Differential Expression of nicotinic acetylcholine receptor subunit genes in non-small cell lung cancers from smokers and non-smokers

Abstract

Background Nicotine and its derivatives, by binding to nicotinic acetylcholine receptors (nAChRs) on bronchial epithelial cells, can regulate cellular proliferation and apoptosis via the Akt pathway. Delineation of nAChR subtypes in non-small cell lung cancers (NSCLCs) may reveal molecular targets for tumor prevention or therapy. Materials and Methods Expression of nAChR α1, α3, α4, α5, α6, α7, α9, α10, β2, β3 and β4 subunit genes in 66 resected primary NSCLCs, 7 histologically normal lung tissues, 13 NSCLC cell lines and 6 human bronchial epithelial cell lines (HBECs) were analyzed by quantitative reverse transcription-polymerase chain reaction (q RT-PCR). Five non-malignant HBECs were exposed to nicotine in vitro to study the variation of nAChR subunit gene expression. Results nAChR α4 and β4 subunit gene expression showed significant differences (relatively low expression of α4 [p < 0.001] and relatively high expression of β4 [p = 0.029] in NSCLCs) between NSCLCs and normal lung. nAChR α5 (p = 0.022), α7 (p = 0.023), α9 (p = 0.001) and β2 (p = 0.037) subunit gene expressions demonstrated significantly higher expression in NSCLC cells compared to HBECs.

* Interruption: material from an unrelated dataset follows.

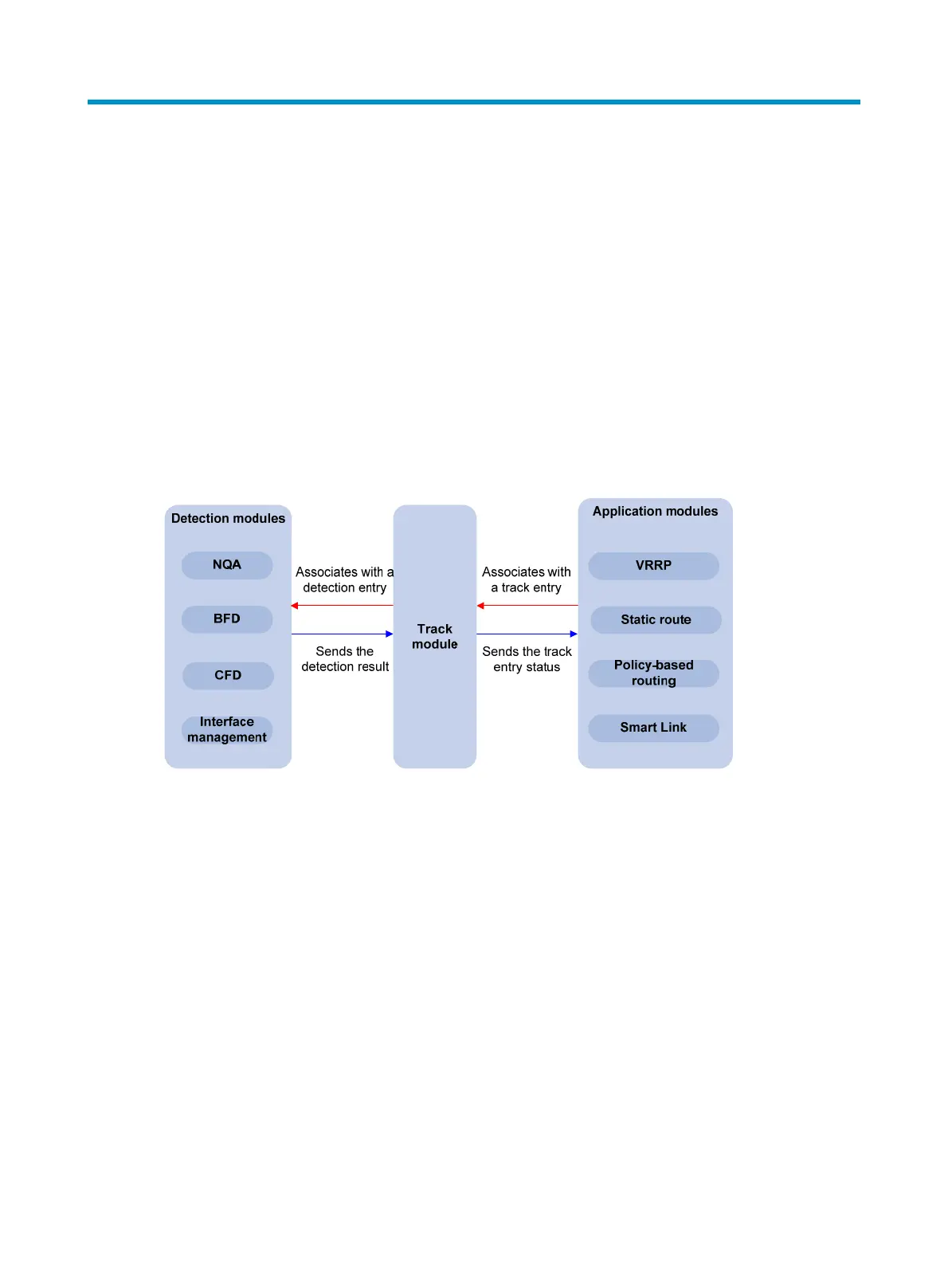 network reachability, and network performance, and informs the Track module of detection results. The

NSCLCs from non-smokers showed significantly higher expression of nAChR α6 (p < 0.001) and β3 (p = 0.007) subunit genes than those from smokers, adjusted for gender. nAChR α1, α5 and α7 showed significant rise in expression levels at 72hrs of nicotine exposure which returned to baseline levels of expression after nicotine removal for another 72 hrs in HBECs. Conclusions Different nAChR subunit gene expression patterns were found in NSCLCs and normal lung, and between NSCLCs from smokers and non-smokers. Nicotine exposure in HBECs resulted in reversible differences in nAChR subunit gene expression. These results further implicate nicotine in bronchial carcinogenesis and suggest targeting nAChRs for prevention and therapy in lung cancer. (Supported by the Lung Cancer SPORE Grant P50CA70907 & the Hong Kong Special Administrative Region RGC grant 7468/04M.)